=== Your goal ===
Every line from the one holding "购买高铁学生票,需要在铁路1" through the one holding "キーを打つ指を覚えやすい配色" in the data below must be returned exactly, both ends included, with pictures left out and nothing else added.

=== Extracted data ===

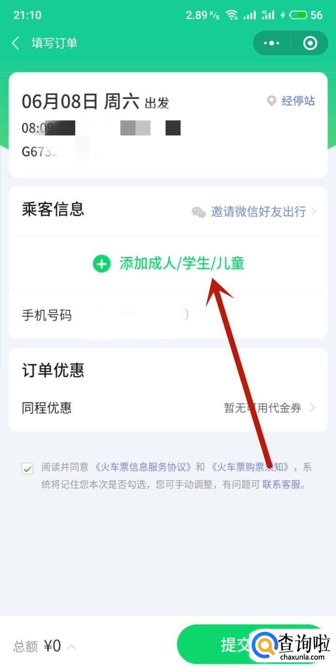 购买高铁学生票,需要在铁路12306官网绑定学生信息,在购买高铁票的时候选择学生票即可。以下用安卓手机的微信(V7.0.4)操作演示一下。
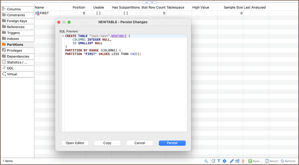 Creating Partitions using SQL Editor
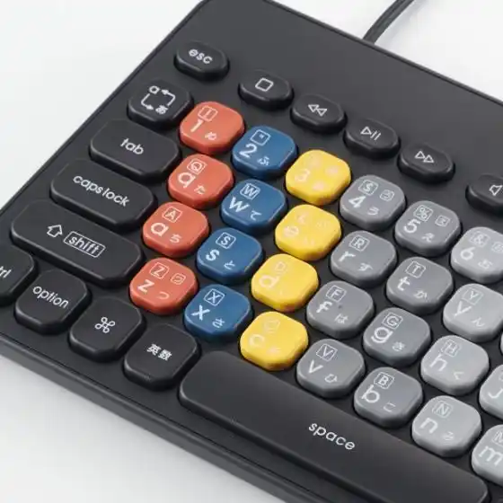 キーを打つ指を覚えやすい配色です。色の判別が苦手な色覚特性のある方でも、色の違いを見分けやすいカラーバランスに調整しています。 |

==

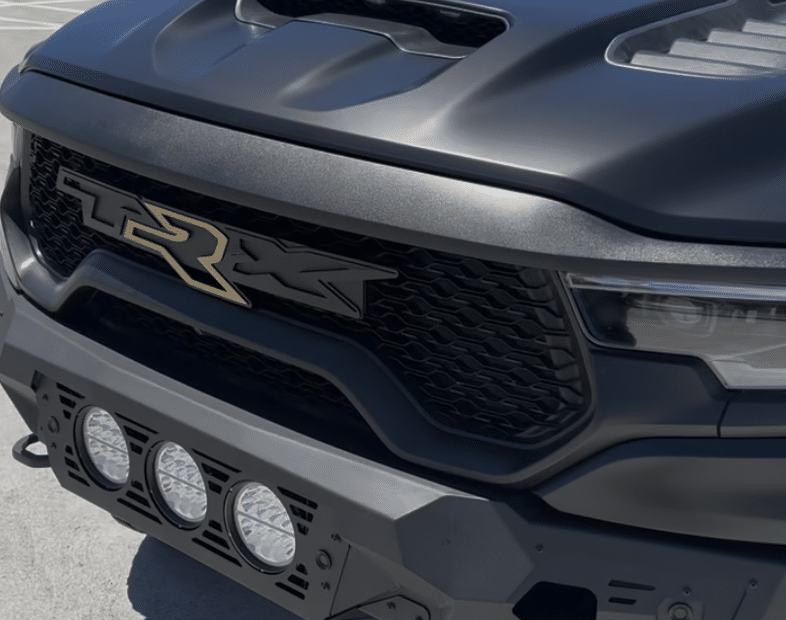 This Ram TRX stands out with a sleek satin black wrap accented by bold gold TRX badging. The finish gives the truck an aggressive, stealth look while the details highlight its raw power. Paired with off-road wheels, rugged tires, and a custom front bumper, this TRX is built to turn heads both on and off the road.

=== Solution for this task ===
 购买高铁学生票,需要在铁路12306官网绑定学生信息,在购买高铁票的时候选择学生票即可。以下用安卓手机的微信(V7.0.4)操作演示一下。
 Creating Partitions using SQL Editor
 キーを打つ指を覚えやすい配色です。色の判別が苦手な色覚特性のある方でも、色の違いを見分けやすいカラーバランスに調整しています。 |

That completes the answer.